■ Available data:

+++++

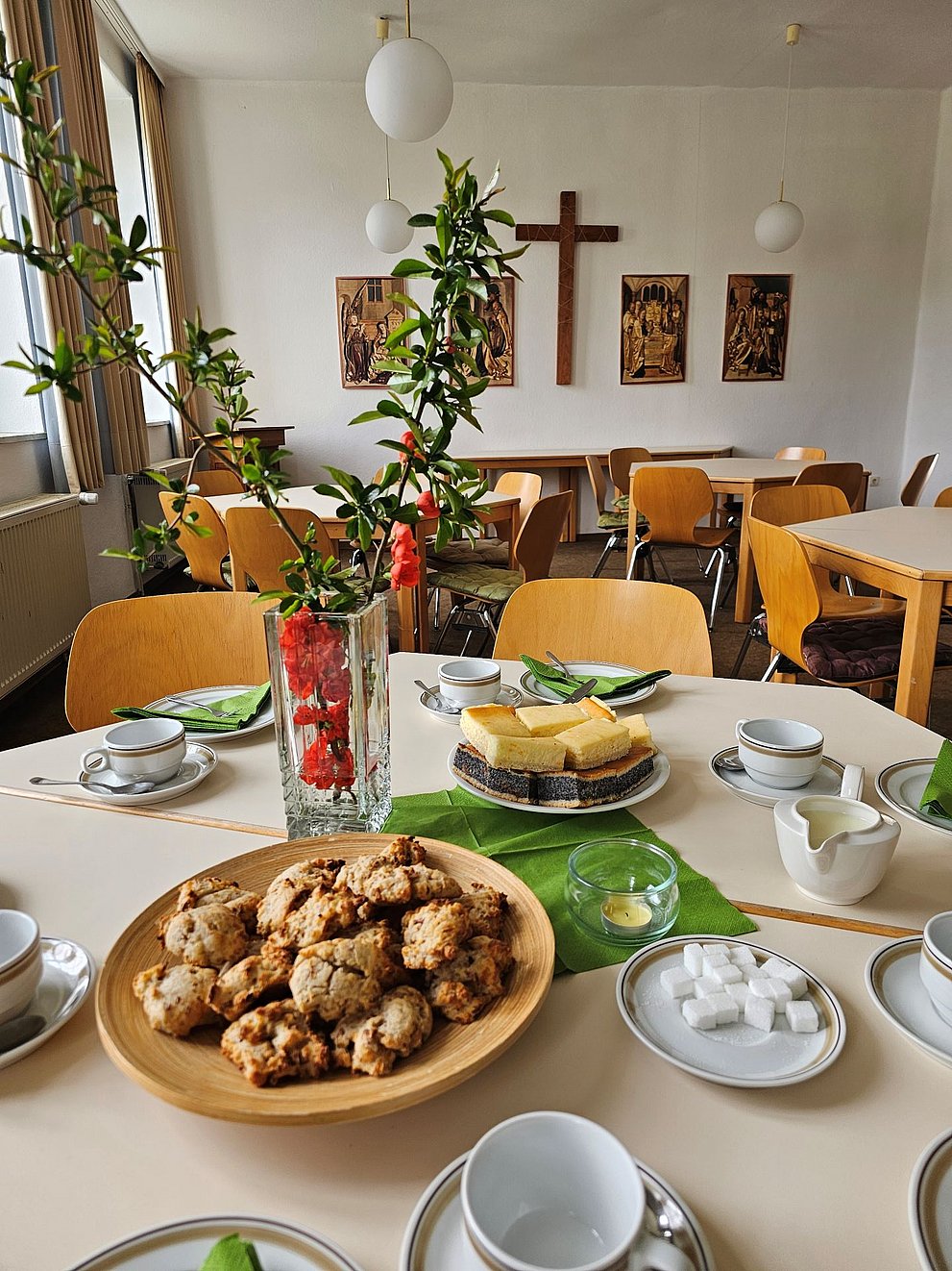 Nach dem Reinkommen an einem wunderbar dekorierten Tisch Platz nehmen, gemeinsam die Tageslosung lesen, einen Impuls zu einem Bibelvers/Bibeltext hören und darüber ins Gespräch kommen, sich anschließend bei Kaffee/Tee und leckerem Kuchen erzählen, einander nicht aus den Augenverlieren, Gemeinschaft erleben und sich (meist) noch mit einem vorbereiteten Thema beschäftigen oder auch mal einem Quiz.
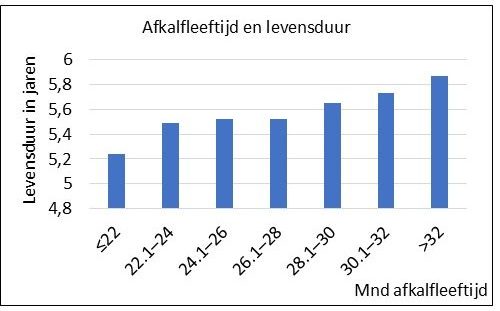 In onderstaande figuur 1 is afkalfleeftijd afgezet tegen de levensduur in jaren. De levensduur neemt toe bij een hogere afkalfleeftijd, maar dat is mede te wijten aan het feit dat de langere opfokperiode in de levensduur is opgenomen. Kijk je naar het aantal afkalvingen in figuur 2, de productieve levensduur, dan zien we het omgekeerde: de meeste afkalvingen bij een afkalfleeftijd van 22,1 tot 24 maanden. Bij de hoogste score voor de levensduur in jaren ligt de gemiddelde afvoerleeftijd bij afvoer onder die in Nederland.
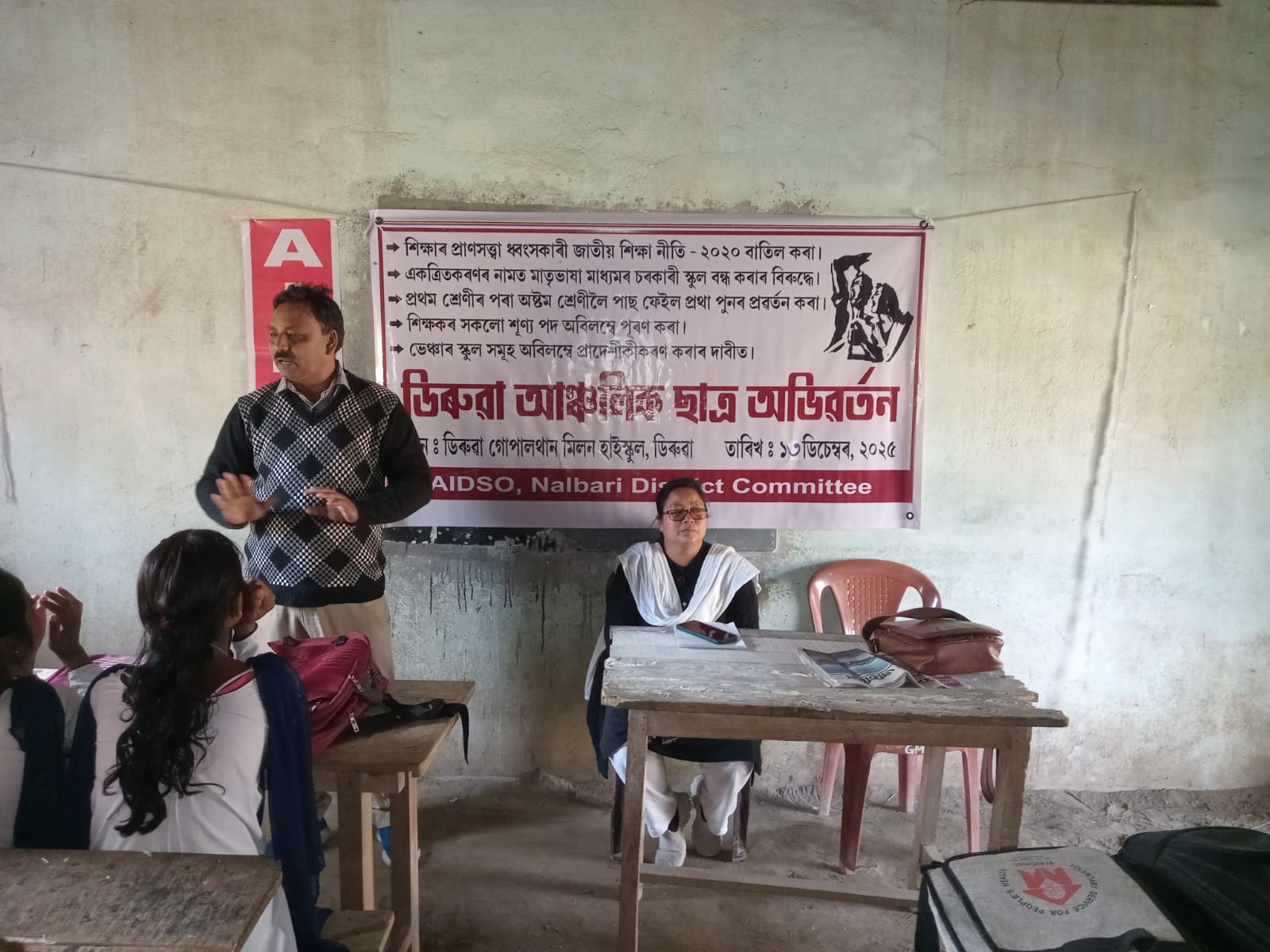 বরাক তরঙ্গ, ১৩ ডিসেম্বর : নলবাড়ির ডিরুবা অঞ্চলে এআইডিএসওʼর উদ্যোগে শিক্ষা ও জনবিরোধী জাতীয় শিক্ষা নীতি, ২০২০ বাতিল করা, সরকারি স্কুলের শূন্য পদে শিক্ষক নিয়োগ, অষ্টম শ্রেণি পর্যন্ত পুনরায় পাস ফেল প্রথা চালু করা, একত্রীকরণের নামে সরকারি শিক্ষা প্রতিষ্ঠান বন্ধ না করা, ভেঞ্চার স্কুল অভিলম্বে গ্রান্ট করা ইত্যাদি দাবিতে শিক্ষা অভিবর্তন অনুষ্ঠিত হয়। নলবাড়ি জেলা কমিটির অন্যতম সদস্য মালতী বসুমাতারির সভাপতিত্বে অনুষ্ঠিত অভিবর্তনে বক্তব্য রাখেন সংগঠনের রাজ্য কাউন্সিলের সভাপতি হিল্লোল ভট্টাচার্য।

+++++

■ What is needed: All of the material must be given again exactly, though no picture may appear in the copy.

■ Solution below:
 Nach dem Reinkommen an einem wunderbar dekorierten Tisch Platz nehmen, gemeinsam die Tageslosung lesen, einen Impuls zu einem Bibelvers/Bibeltext hören und darüber ins Gespräch kommen, sich anschließend bei Kaffee/Tee und leckerem Kuchen erzählen, einander nicht aus den Augenverlieren, Gemeinschaft erleben und sich (meist) noch mit einem vorbereiteten Thema beschäftigen oder auch mal einem Quiz.
 In onderstaande figuur 1 is afkalfleeftijd afgezet tegen de levensduur in jaren. De levensduur neemt toe bij een hogere afkalfleeftijd, maar dat is mede te wijten aan het feit dat de langere opfokperiode in de levensduur is opgenomen. Kijk je naar het aantal afkalvingen in figuur 2, de productieve levensduur, dan zien we het omgekeerde: de meeste afkalvingen bij een afkalfleeftijd van 22,1 tot 24 maanden. Bij de hoogste score voor de levensduur in jaren ligt de gemiddelde afvoerleeftijd bij afvoer onder die in Nederland.
 বরাক তরঙ্গ, ১৩ ডিসেম্বর : নলবাড়ির ডিরুবা অঞ্চলে এআইডিএসওʼর উদ্যোগে শিক্ষা ও জনবিরোধী জাতীয় শিক্ষা নীতি, ২০২০ বাতিল করা, সরকারি স্কুলের শূন্য পদে শিক্ষক নিয়োগ, অষ্টম শ্রেণি পর্যন্ত পুনরায় পাস ফেল প্রথা চালু করা, একত্রীকরণের নামে সরকারি শিক্ষা প্রতিষ্ঠান বন্ধ না করা, ভেঞ্চার স্কুল অভিলম্বে গ্রান্ট করা ইত্যাদি দাবিতে শিক্ষা অভিবর্তন অনুষ্ঠিত হয়। নলবাড়ি জেলা কমিটির অন্যতম সদস্য মালতী বসুমাতারির সভাপতিত্বে অনুষ্ঠিত অভিবর্তনে বক্তব্য রাখেন সংগঠনের রাজ্য কাউন্সিলের সভাপতি হিল্লোল ভট্টাচার্য।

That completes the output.